Tuesday, May 08, 2018

Bordered Tongues

A pet-peeve of a lot of South Africans, including myself, is when people speak of Africa as if it is one country, or one place separate from the rest of the world. Africa is HUGE. The distance from Tunis on the Mediterranean coast to Cape Town on the Southern Tip is about 8,000 km as the crow flies. That is about the same distance as Amsterdam to Beijing. If you have visited Beijing, you haven't visited Amsterdam. If you have visited Tunis, you haven't visited Cape Town.

The problem is this peeve also works both ways. A friend of mine is working on a project where a lot of business is done in Africa. That is the corporate definition of their area of interest. When he joins conference calls, they will often switch from Arabic to French. Neither of these will be their local language, but they will speak both fluently. My friend speaks neither, so then asks (slightly embarrassed) for them to swap to English. Again, fluently.

Swahili is the widest spoken African language. As Arabic and Persian traders started dealing with Africa a trading language was needed. For the equivalent of my friends business meetings - but a long time ago. It was originally written in Arabic Script. While it is now the first language of about 3-15 million people, it is spoken by about 100 million people.

My friend has started French lessons. Many non-English first language Europeans are adept at picking up new tongues, and training their ears to understand variations.
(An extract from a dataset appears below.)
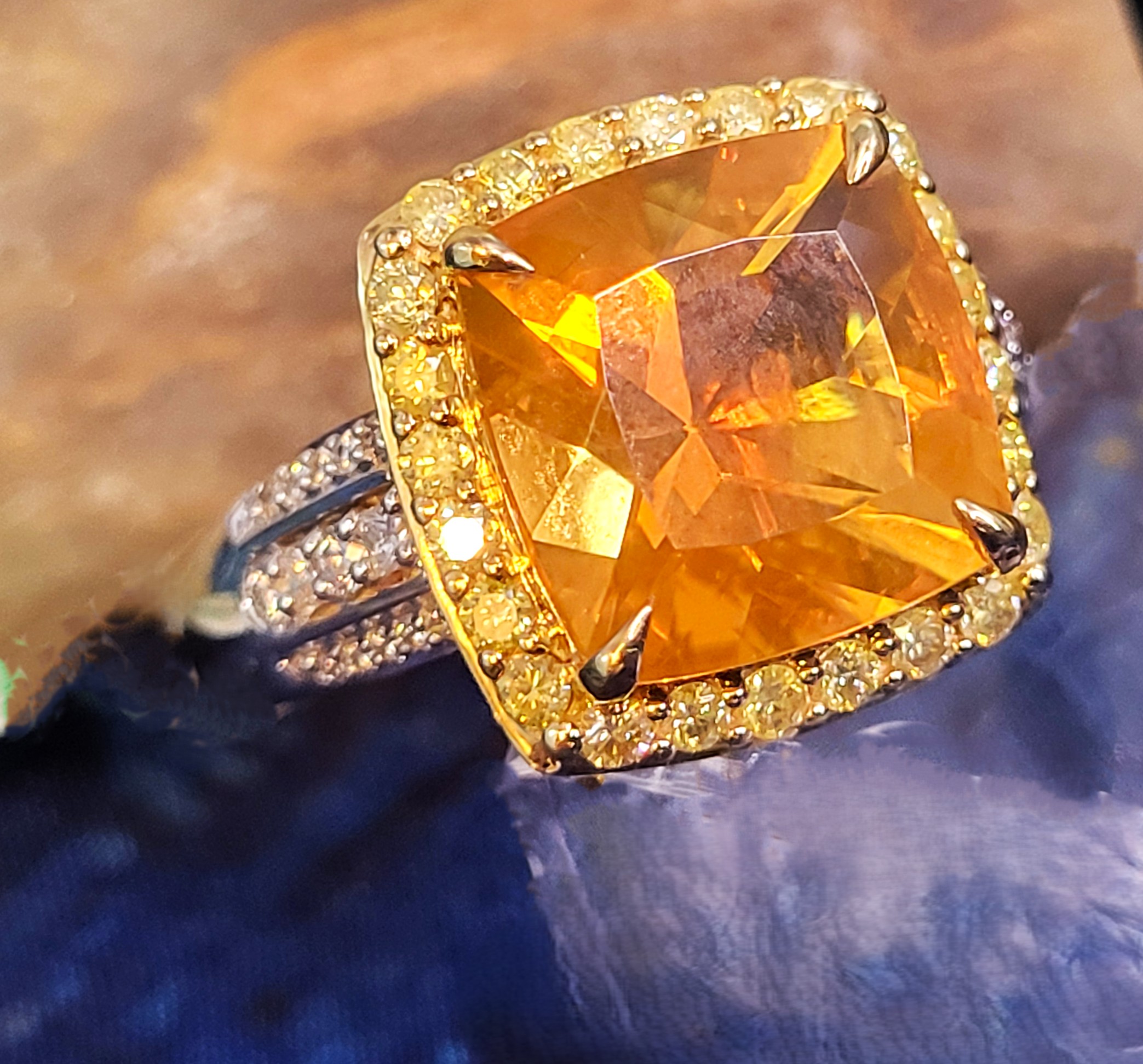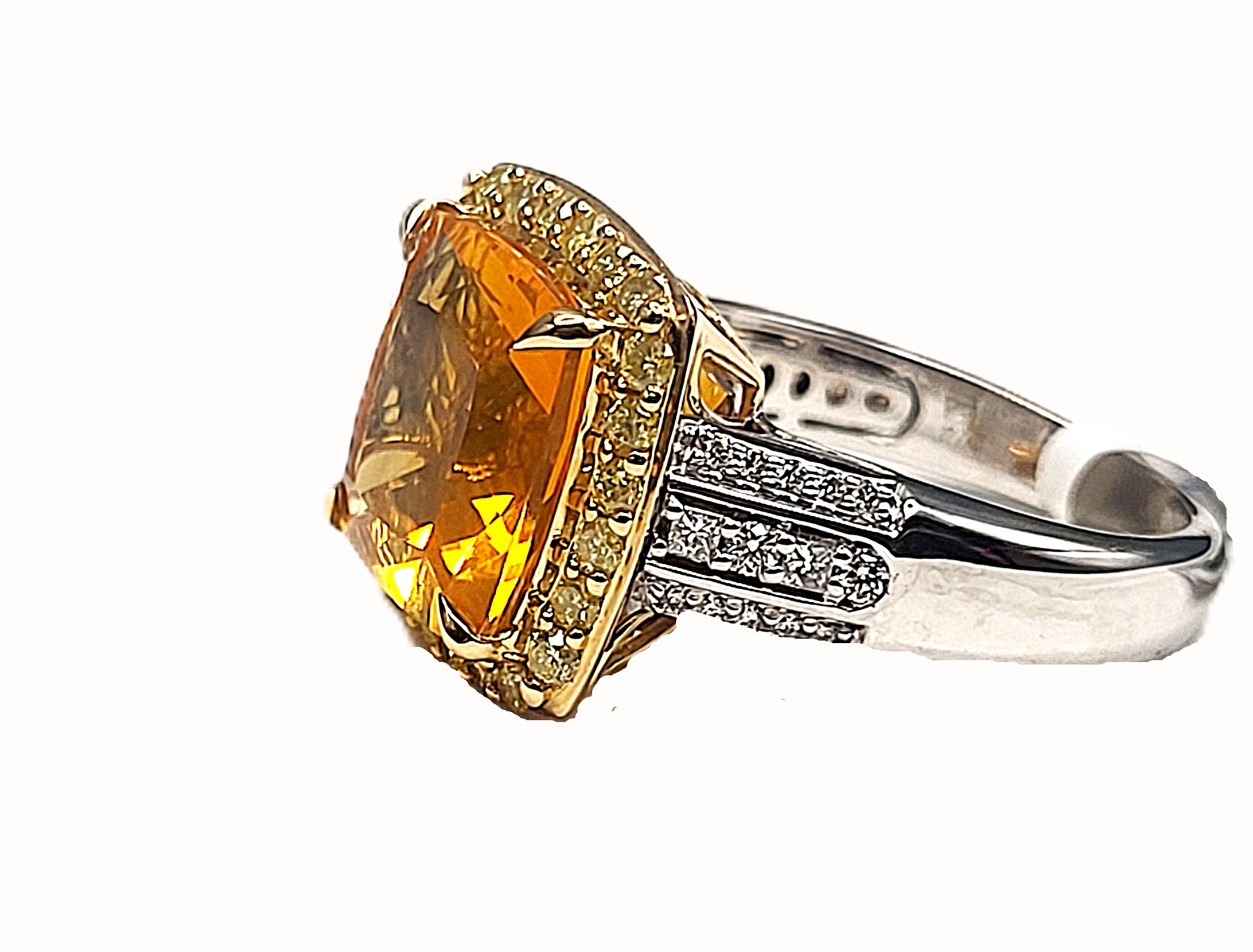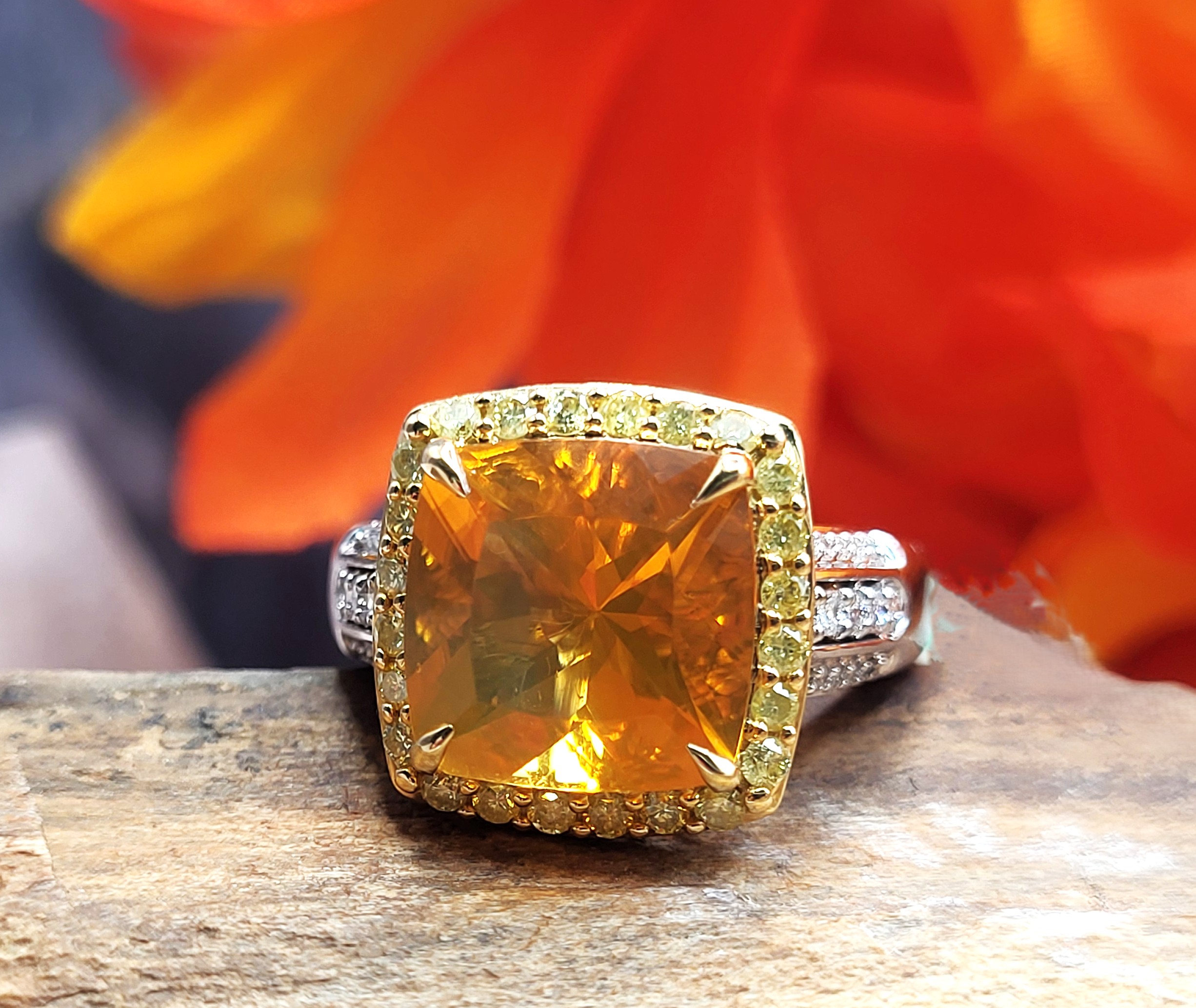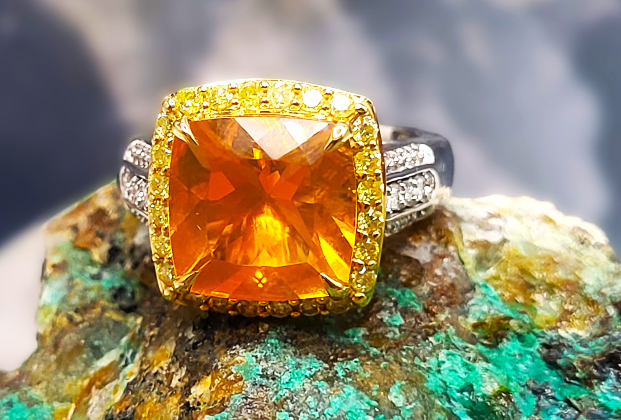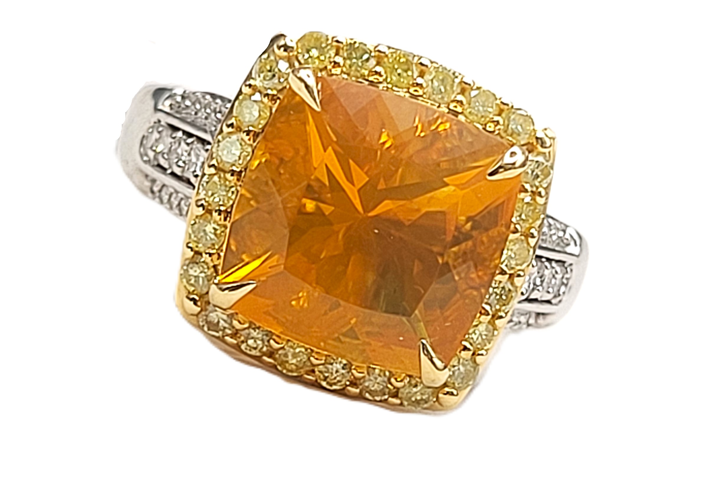It is easy to see how this gemstone came to be called "Fuego del Mar", meaning "fire of the sea". It is literally aflame with color! Set in luxurious 18 karat yellow and white gold, the 3.71 carat cushion-shaped fire opal is claw prong set into a devinely reticulated basket of yellow gold. The gemstones are supported with a solid under gallery. And, with fire, there must be ice. In the halo and along the shoulders are .64 carats total weight of superior quality diamonds. The halo features round, brilliant-cut, natural yellow diamonds, with near colorless round, brilliant-cut and square-cut diamonds adding muscle to the staggered white gold shoulders that taper to an approximate 2.8 mm shank. This ring is US size 7. See sizing details and other important information below. Admin/Code 6282/16-bwrr (7.3g)

This is like the many skillful linguists in South Africa which has 11 official languages. The 'borders' of these official languages were artificially created as languages were built up as one of the blocks of Nation States.

The reality is that language is as full of flavour as people. People don't stay still and don't fit into categories. To truly see, and hear, people... language needs to go back to the kitchen. Adding to your vocabulary can't stop once you have 'finished' mastering your home tongue. Your tongue needs to move with you.

A (small) start is saying someone's name the way they want to be greeted - rather than giving them a name that doesn't need any effort from you.